There’s nothing wrong with having structure in your life (in fact, that itself can be creatively useful), but mixing up what you do will mix up how you think, leading to more unique, more creative insights.

4. It increases your ability to empathise

Whether you’re an artist or an entrepreneur, understanding your audience is hugely important in the creative process. Alongside reading fiction, being alone is one of the best ways to increase your ability to empathize and understand others, especially people who are particularly different from yourself and with whom you might not normally socialize.

Empathy, of course, is just one of these benefits, but the ability to empathize with someone and to understand her emotions, desires, and motivations is to get inside a person’s head, a skill that is invaluable for designing, writing, or nearly any other creative pursuit.

5. You stop absorbing other people’s ideas

Often times we don’t realize just how much we’re influenced by those we surround ourselves with until we’re alone and can reflect on what we really want, rather than what those around us expect from us. In fact, the entrepreneur and speaker Jim Rohn claims, “You are the average of the five people you spend the most time with.”

With this in mind, it’s useful to push society away for brief periods of time so we can assess ourselves for who we want to be, not for who others want us to be. By doing so, we can become more in touch with what makes us special and what unique perspectives we bring the table. If we don’t take time to disconnect from society, we’ll never know who we really are, what makes us special, and what we’re able to creatively contribute. If you have creative strengths but never bothered to find out what they are, then there’s no point in even having them.

6. It gives you an excuse to make your creative passions a priority

It seems so obvious but what do so many of us do when we have precious time to ourselves: Watch television? Read? Listen to music? Tune out our thoughts? What if we were more intentional about our alone time? What if we used it to think through complex, creatively rigorous decisions instead of blurring it out with various activities?

“For me I use alone time as just another resource, perhaps one of the most valuable I have,” said Matthew Turcott, who founded and manages a tech support start-up. “[Having the] time to think… means making better, more informed decisions rather than quick decisions that I will likely regret down the road.” Turcott also says most of his ideas come to him while he’s out walking. So rather than putting earphones in and drowning out the noise or even reading a book or watching a show on your iPad, use your precious alone time to think creatively.

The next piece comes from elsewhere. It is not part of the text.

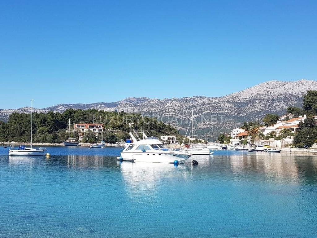 This waterfront villa with pool for sale Korcula town Croatia is located in a quiet bay on the outskirt of the Korcula town.

Because spending time alone, when done right, can pay serious dividends.

Stop being busy, start being creative

“There is something very liberating for people about being on their own,”saidsociologist Eric Klinenberg. “They’re able to establish some control over the way they spend their time. They’re able to decompress at the end of a busy day in a city… and experience a feeling of freedom.”

Stepping back from society is an exciting prospect, but it must be done carefully. There is a razor-thin line between being alone in solitude, which allows us to be open to creative ideas, and, much more negatively, being lonely and anxious, which tends to shut us down mentally.

So, don’t leave society, but engage in it differently. Set yourself apart–strive to break habits, to savor and utilize your alone time, to find out your unique perspectives, to engage in meta-cognition, to create stronger memories. You might be pleasantly surprised at how your creative pursuits being to bloom into your everyday life.